Edge of Power
Page 29
Whatever reason the other girl might have for coming here, Kathlyn knew that in a palace stuffed full of threats, she wasn’t one.
“You shouldn’t be in here with me,” Kathlyn had said gently. “All the reasons you had for staying away since my little topple from grace are still valid.”
“I know,” Yajaira whispered, and her face had crumpled in on itself for a moment. Only a moment, and then she’d smoothed it out. She’d stood straighter, taken a deep breath. “But he was in a special mood, Kathlyn. Very special.” There was a bleakness in her gaze that Kathlyn felt like icy fingers closing hard around her throat. “Stay on his good side, if you can.”
“If he has one,” Kathlyn had replied, her voice a little scratchy, “I’ve never seen it.”
And she knew a lot more now than she had on all those nights this past winter when Yajaira had crept into her room, just like this, to find a little solace after a session with the king. She knew how intimate sex was. How vulnerable and overwhelming and important it felt to have another person inside of her, moving in ways she couldn’t control. Doing things she didn’t entirely understand. Taking her places she wasn’t at all sure she wanted to go. Kathlyn couldn’t comprehend how that was never discussed in all the endless talk of doing one’s duty and winter marriages and what decent people owed the world. Their fertility. Their obedience. Their belief that together, doing these things no one talked about too graphically, they could save a world that had already been lost a long time ago.
And she was not a very good person, she told herself severely. Because she couldn’t tell if she was more worried about the things her friend might have suffered, or the things her father likely was cooking up for her.
Later, she’d stashed her dagger back beneath her pillows and had dressed in the silver dress her attendants had laid out for her. Silver at last. Silver, after all this time. Silver marking her as a woman. Finally.
She tried not to think too much about Wulf’s marriage proposal to her father at the party last night. Or her father’s acceptance of it. Kathlyn knew it would never happen. There was no possibility at all that her father would let her go. Much less to a man he couldn’t be absolutely sure would treat her the way he thought she deserved to be treated. Wulf hadn’t torn her up last night. He hadn’t left her walking stiff-legged and miserable through her own mounting party, her mouth twisted in a grimace of pain she’d had to pretend was a smile. He’d taken her, certainly, and dispensed of her supposed innocence for all to see, but that wasn’t enough for King Athenian.
He wanted her to pay. He wanted her to hurt. To suffer.
But Kathlyn hadn’t cracked.
She knew there was no way that the king would risk marrying her off to the same raider who had already failed to live up to Athenian’s brutal fantasies. So there was certainly no point imagining what marriage to someone like Wulf would be like.
But Kathlyn found she couldn’t seem to stop herself. She tried to picture it—given over into his power completely, taken far across the seas to those islands of his so few people ever came back to tell tales about, so far away from here it was likely she’d never, ever return.
She shivered, rolled her warm clay mug between her palms, and told herself she was cold.
It was moot anyway, because there was no way Athenian intended to let Wulf live that long. Kathlyn knew it. She’d be surprised if he made it through the equinox ceremony.

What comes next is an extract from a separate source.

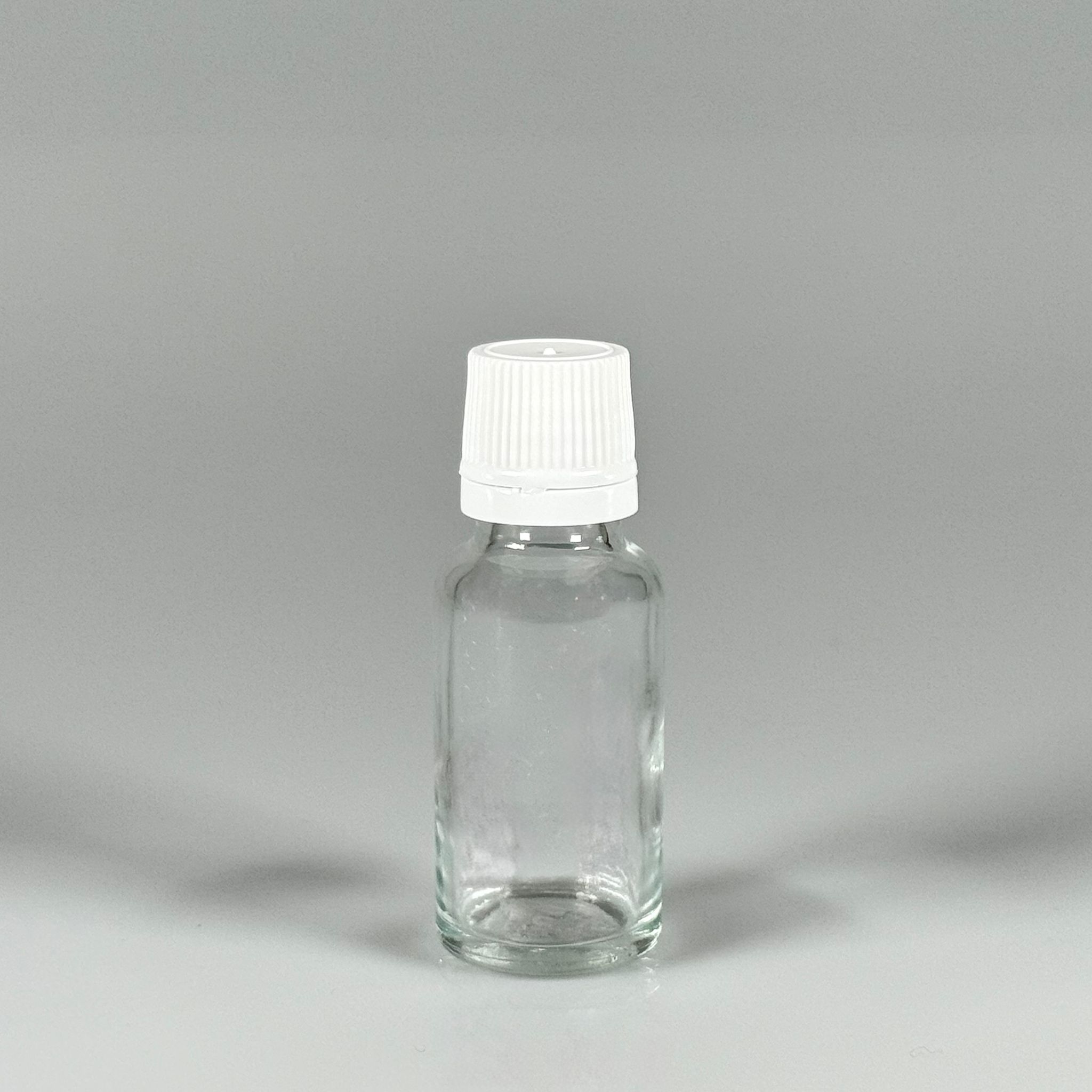 20 CC CAM ŞEFFAF KİLİTLİ, KENDİNDEN CONTALI BEYAZ KAPAKLI - 20 ML DAR AĞIZLI İLAÇ ŞİŞESİ - 312 adet

Her heart lurched at that thought, of Wulf and all that raw power of his reduced to yet another still, cold body to add to her father’s ever-expanding count. She couldn’t bear the idea. It made her chest feel as if it was caving in on itself.
So instead, she thought of dancing with him last night. Around and around in the center of the great hall, with all those same eyes all over them again. He’d held her perfectly, a grim sort of look on that hard mouth of his and pure fire in his blue gaze, as he’d led them through the usual steps. As if he danced every day of his war-torn, battle-ready life.
Kathlyn might have sat there all day, reveling in her new silver dress and reliving the events of the previous night, but the guards had knocked on her door and announced that her attendance was required. By the king. Immediately.
Something else that couldn’t possibly bode well.
But Kathlyn refused to show the guards—or anyone—that she was scared. She’d grown up watching all the women in her life square their shoulders and march off to do their duty. How could she be any less brave than they were? She didn’t let her father’s guards hurry her through the palace halls, past the public areas and into the king’s private wing. She walked as nonchalantly as she could. She smiled at everyone she passed. She carried herself as if there had never been so much as a shadow on her spotless reputation.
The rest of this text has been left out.